Exercise: Reproduce the listing below in full and without alteration, apart from its pictures.
::::
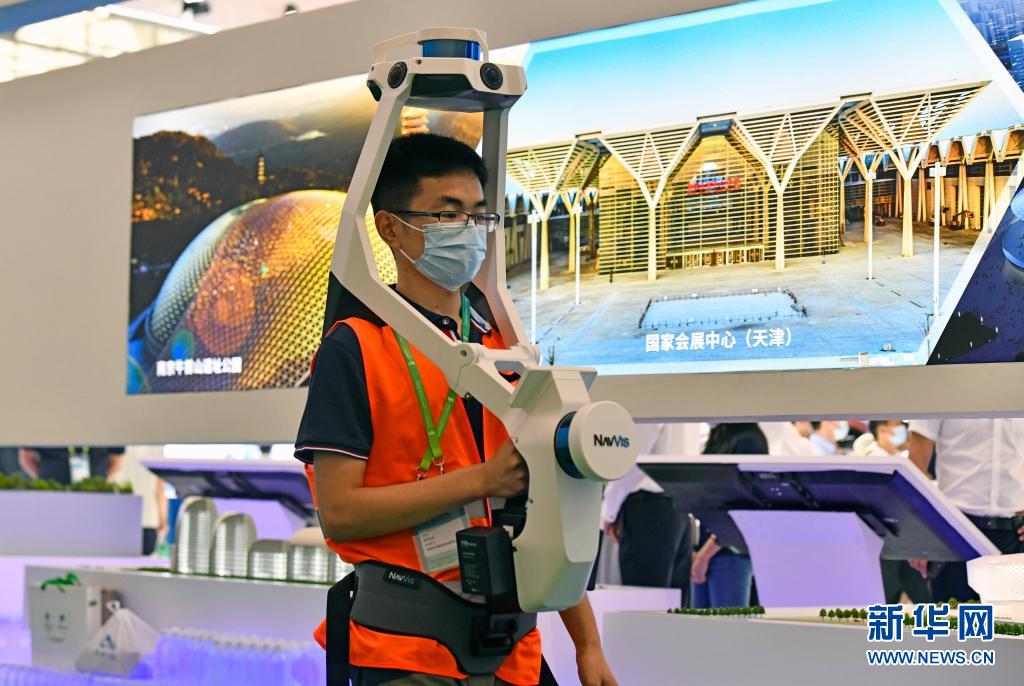 6月24日,在国家会展中心(天津)一期展馆,参展企业工作人员在展示智能测绘设备。
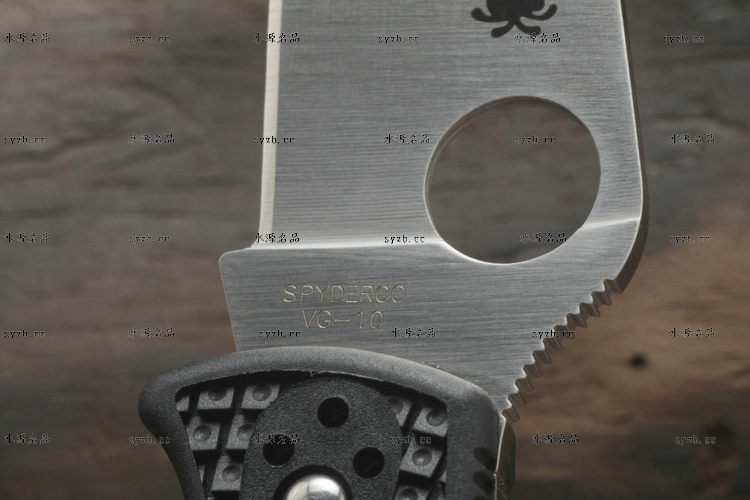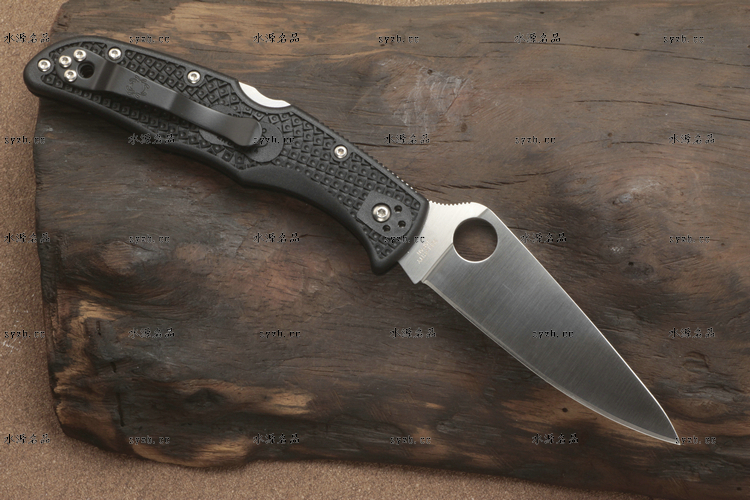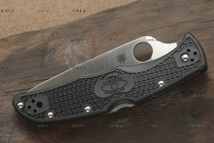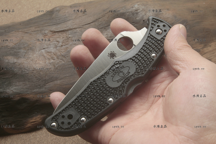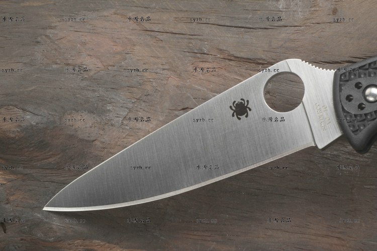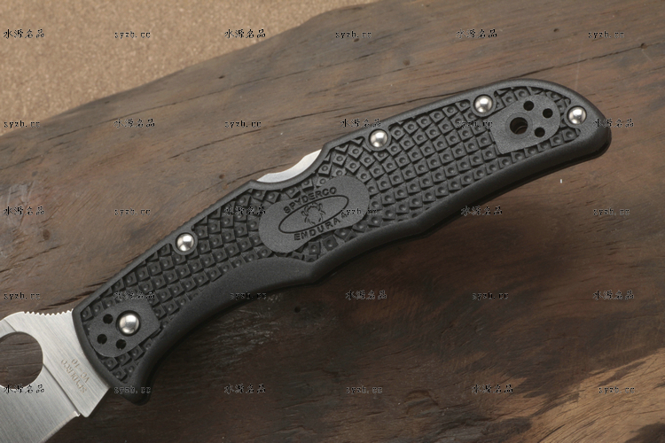 类 型: 折刃 型 号: C10FPBK 全 长: 222 mm 刃 长: 96 mm 闭合长度: 127 mm 刃 材: VG-10 硬 度: 60HRC 表 面: 缎面处理 刃 厚: 3mm 柄 长: 127 mm 柄 材: FRN 强化纤维尼龙 锁 型: 线锁 重 量: 103g 原产地: 美国 日本SEKI代工 Spyderco公司最受欢迎刃款之一,就是这把编号C10的「巅峰战士用刃(Endura)」,是刃具界最为人称道的收藏品。这把刃曾经在1993年由雷尼.哈林导演,席维斯史特龙主演的电影巅峰战士(Cliffhanger)中出现,名声因此更为远播。 SPYDERCO是个创立于美国科罗拉多州的刃具公司,它以前所未有的创新精神而闻名。现代名牌折刃中的单手开启功能、便于携带的卡子(CLIP)这些几乎成为现代高科技折刃标志的设计。正是SPYDERCO发明的! 如今不断创新的SPYDERCO公司已拥有数十项设计专利。其商标性的单手开启园孔造型不仅是最快捷顺畅的开启方式,而且这种独特的造型使人们一瞥之下就能认出那是SPYDERCO的产品。开启最为迅捷! SPYDERCO另一独特设计专利是SPYDERCO锯齿,这一发明是受到了鲨鱼牙齿的启发,SPYDERCO是不仅在业界最先成功使用锯齿刃!而且其与众不同的设计使之比普通的锯齿刃具有更强的切割力和更长的保持能力,它的切割力足以割开Kevlar-凯芙拉材料的防割手套! SPYDERCO另一强大优势就是它选用的钢材,它们从不用那些低成本、低性能的420或425系列的钢材。而它选用的钢材有AUS系列、ATS系列、440系列以及VG系列,甚至制刃界中的顶极材料CPM440V都是它们的常用材料。在美国Spyderco被称为“标准创立者(Standard Setter)”创新的设计,精良的选材,完美的工艺。 SPYDERCO的目标是:"无论你拥有多少刃具,其中必有SPYDERCO"
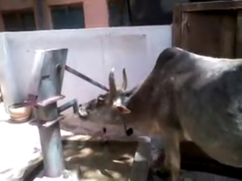 Eine Kuh kann eine Wasserpumpe selbst bedienen:
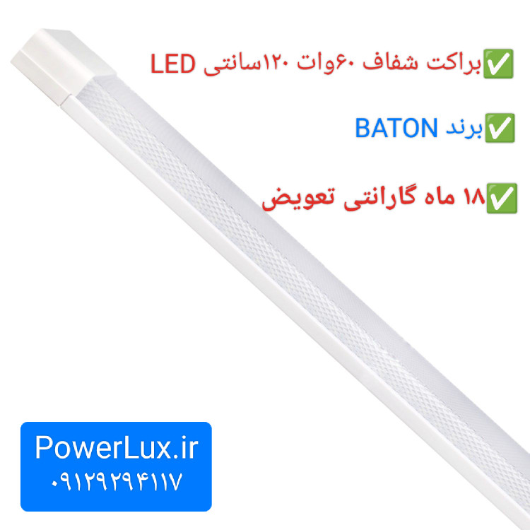 براکت 60وات 120سانت(شفاف) LEDبرندBATON-گارانتی18ماه
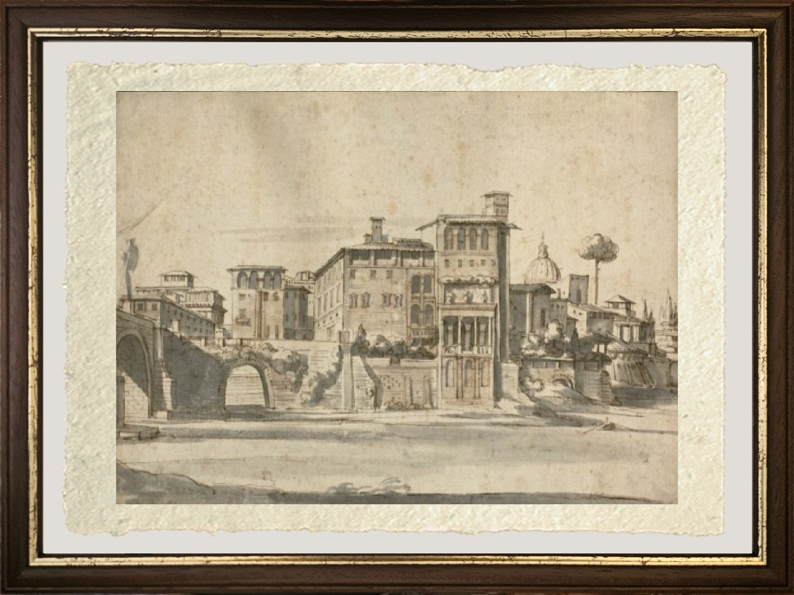 A refined historical view of some houses on the Tiber River by Gaspar Van Wittel, featuring strong chiaroscuro effects. The dominant color is brown with many shades. The houses are on the opposite side of the Tiber bank from the viewer, with a bridge drawn on the left. The dome of St. Peter's can be glimpsed in the background.
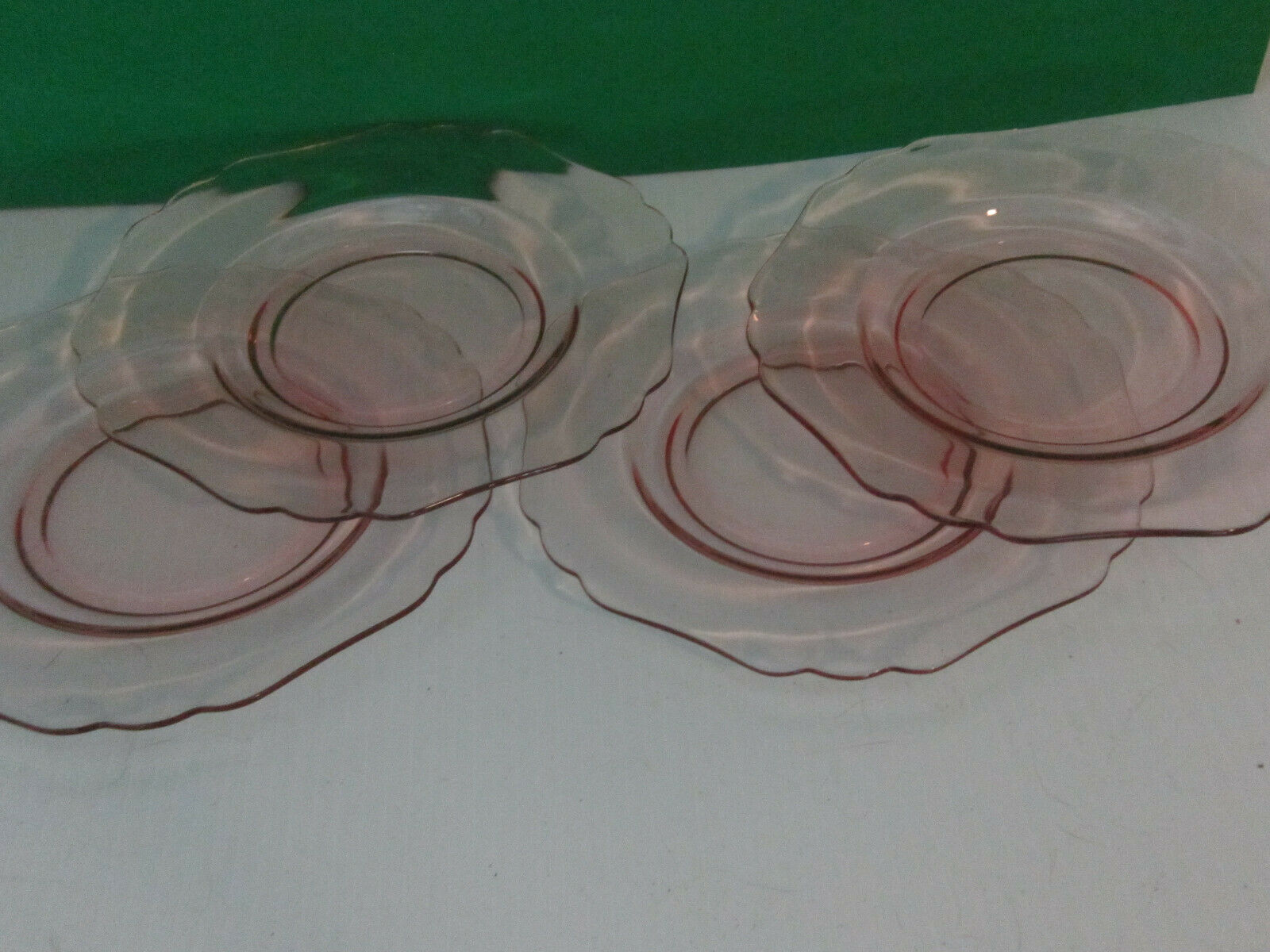 SET OF FOUR MARKED HEISEY GLASS PINK DEPRESSION DESSERT PLATES
::::
Task solution:
 6月24日,在国家会展中心(天津)一期展馆,参展企业工作人员在展示智能测绘设备。
 类 型: 折刃 型 号: C10FPBK 全 长: 222 mm 刃 长: 96 mm 闭合长度: 127 mm 刃 材: VG-10 硬 度: 60HRC 表 面: 缎面处理 刃 厚: 3mm 柄 长: 127 mm 柄 材: FRN 强化纤维尼龙 锁 型: 线锁 重 量: 103g 原产地: 美国 日本SEKI代工 Spyderco公司最受欢迎刃款之一,就是这把编号C10的「巅峰战士用刃(Endura)」,是刃具界最为人称道的收藏品。这把刃曾经在1993年由雷尼.哈林导演,席维斯史特龙主演的电影巅峰战士(Cliffhanger)中出现,名声因此更为远播。 SPYDERCO是个创立于美国科罗拉多州的刃具公司,它以前所未有的创新精神而闻名。现代名牌折刃中的单手开启功能、便于携带的卡子(CLIP)这些几乎成为现代高科技折刃标志的设计。正是SPYDERCO发明的! 如今不断创新的SPYDERCO公司已拥有数十项设计专利。其商标性的单手开启园孔造型不仅是最快捷顺畅的开启方式,而且这种独特的造型使人们一瞥之下就能认出那是SPYDERCO的产品。开启最为迅捷! SPYDERCO另一独特设计专利是SPYDERCO锯齿,这一发明是受到了鲨鱼牙齿的启发,SPYDERCO是不仅在业界最先成功使用锯齿刃!而且其与众不同的设计使之比普通的锯齿刃具有更强的切割力和更长的保持能力,它的切割力足以割开Kevlar-凯芙拉材料的防割手套! SPYDERCO另一强大优势就是它选用的钢材,它们从不用那些低成本、低性能的420或425系列的钢材。而它选用的钢材有AUS系列、ATS系列、440系列以及VG系列,甚至制刃界中的顶极材料CPM440V都是它们的常用材料。在美国Spyderco被称为“标准创立者(Standard Setter)”创新的设计,精良的选材,完美的工艺。 SPYDERCO的目标是:"无论你拥有多少刃具,其中必有SPYDERCO"
 Eine Kuh kann eine Wasserpumpe selbst bedienen:
 براکت 60وات 120سانت(شفاف) LEDبرندBATON-گارانتی18ماه
 A refined historical view of some houses on the Tiber River by Gaspar Van Wittel, featuring strong chiaroscuro effects. The dominant color is brown with many shades. The houses are on the opposite side of the Tiber bank from the viewer, with a bridge drawn on the left. The dome of St. Peter's can be glimpsed in the background.
 SET OF FOUR MARKED HEISEY GLASS PINK DEPRESSION DESSERT PLATES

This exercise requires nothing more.